Not in the least. Hopefully, the following blob does not throw you off either.
strict_ordering is set (in
strict_ordering: false ALL
I was not aware that this was necessary. So thank you very much - this is a big step for me.
Very good point.
In the test scenario (with
strict_ordering: false ALL), the third point is allowed to run even with a specified wall time much larger than the first job. Thus, it is allowed to run not because of backfilling, but just because the scheduler deems it feasible.
I have tried to set
strict_ordering: true ALL, and that has the effect that the second job gets the
estimated.exec_vnode attributes. So that is good.

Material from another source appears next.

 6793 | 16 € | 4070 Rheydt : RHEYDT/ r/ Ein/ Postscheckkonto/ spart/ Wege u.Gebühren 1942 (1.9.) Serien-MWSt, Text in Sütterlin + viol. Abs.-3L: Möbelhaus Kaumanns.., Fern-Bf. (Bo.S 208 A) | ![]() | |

Unfortunately, the scheduler seems to make some kind of hash of it, such that the third job runs anyway. The problem (presently) is that all jobs explicitly asks for one “infiniband” per unit, and there is defined exactly one of these per node (infiniband is an integer resource). However, the scheduler apparently thinks that in the future (at expected.start_time) it may use two of these from each node - thus allocating a four-node job (-lselect=4:infiniband=1) to two nodes. Thus, the scheduler believes that there is plenty of room left to run the third job (as the second job does not need all the nodes, but just half of them).

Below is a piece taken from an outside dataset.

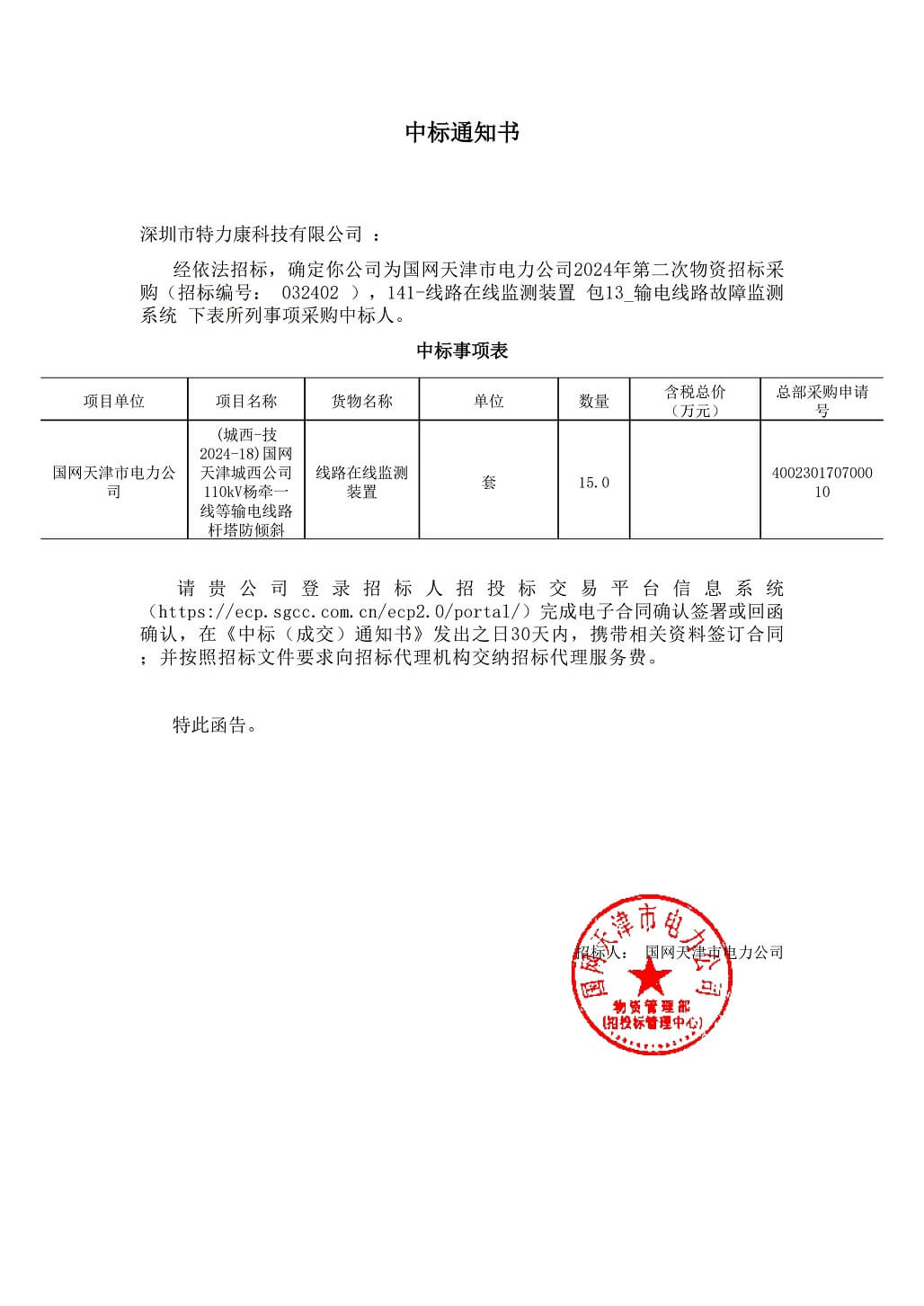 特力康中標國網(wǎng)黑龍江送變電工程公司的2024年度第18次物資類競爭性談判采購項目——慶陽驅鳥器物資框 特力康中標國網(wǎng)甘肅省電力公司省管產業(yè)單位2024年第五次物資競爭性談判授權采購項目 中標喜訊:深圳市特力康科技有限公司成功入圍許繼集團綜合能源公司輸電線路視頻在線監(jiān)測裝置模塊集采項目 中標喜訊:特力康成功中標國網(wǎng)重慶市電力公司渝中一片區(qū)項目 特力康成功中標國網(wǎng)天津市電力公司2024年第二次?物?資招標項目 特力康中標國網(wǎng)安徽省電力有限公司蕪湖供電公司2024年3月非物質采購項目 電力安全新保障:深圳特力康測斜裝置助力安徽電力公司高效運維 四川電力公司應用防山火紅外熱成像雙目攝像機,及時發(fā)現(xiàn)潛在的山火隱患 江西電力公司應用輸電線路等值覆冰在線監(jiān)測,降低冰災停電風險和經(jīng)濟損失 四川電力公司攜手深圳特力康:輸電防山火智慧監(jiān)控裝置成功上線運行 創(chuàng)新視角:深圳特力康線路氣象災害監(jiān)測預警系統(tǒng)如何重塑浙江電力公司的線路防災策略 河南電力公司應用深圳特力康輸電線路桿塔傾斜在線監(jiān)測裝置,提高電網(wǎng)的安全性和穩(wěn)定性 寧夏配電線路安裝了我司防外破電子化智能警示牌

Even if I change the select statement to the old-school “
-l nodes=N”, the scheduler lets the (now long) third job run, as it thinks it can get away with just allocating one cpu per node. This will eventually fail, as the nodes are exclusive to each job. So, if a job gets the node, then no other job can use it until the first job is done. In the present case, the third job then locks the node, but the scheduler does not realize this until later when the first job finishes, but the third still cannot run. At this point, the
estimated.start_time is not updated - so it is in the past. (edit: deleted sentence)
With the enabling of
strict_ordering the existence of “top jobs” show up in the sched log for the first time for me, so for sure now backfill is enabled. But it still does not do a very good job. I would deem this a possible bug in the scheduler, but I would very much like some input from one of you before I start a separate thread to report it.

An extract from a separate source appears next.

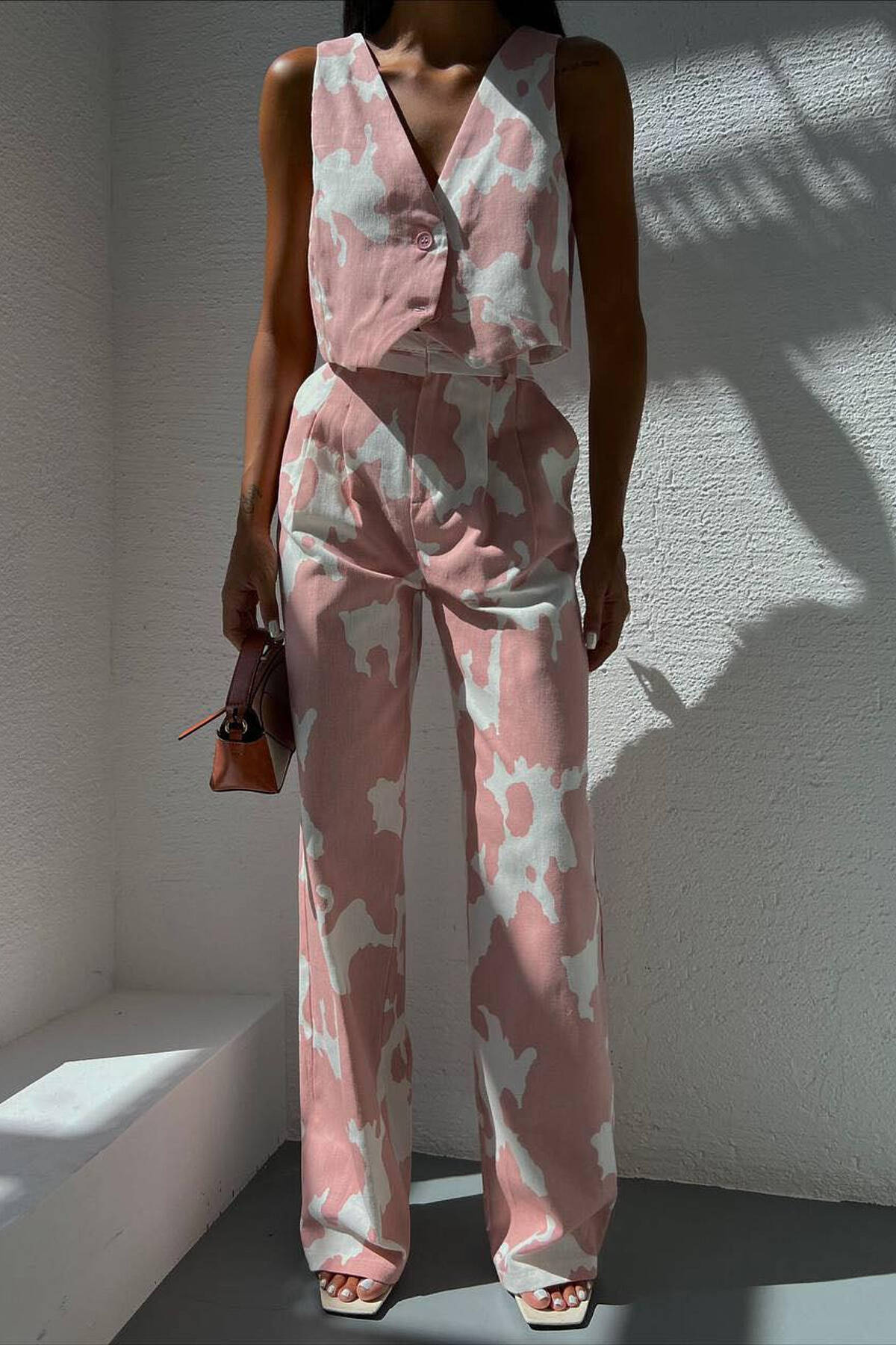 Kostum me pantallona dhe jelek per femra ne ngjyren puder

If I help the scheduler a little bit more, then I can make backfilling work. But the fix depends on our specific cluster layout: We have two flavours of nodes:
ncpus=12. Jobs default to the
io nodes, but can explicitly ask for
comnpute. If I tag a
ncpus=12 on my select statement, then the scheduler realizes that only a single task can go on each node, and then backfilling works. At that point, the
infiniband=1 specification becomes redundant, but if I install nodes with, say, 24 cores, then this hack/fix will no longer work.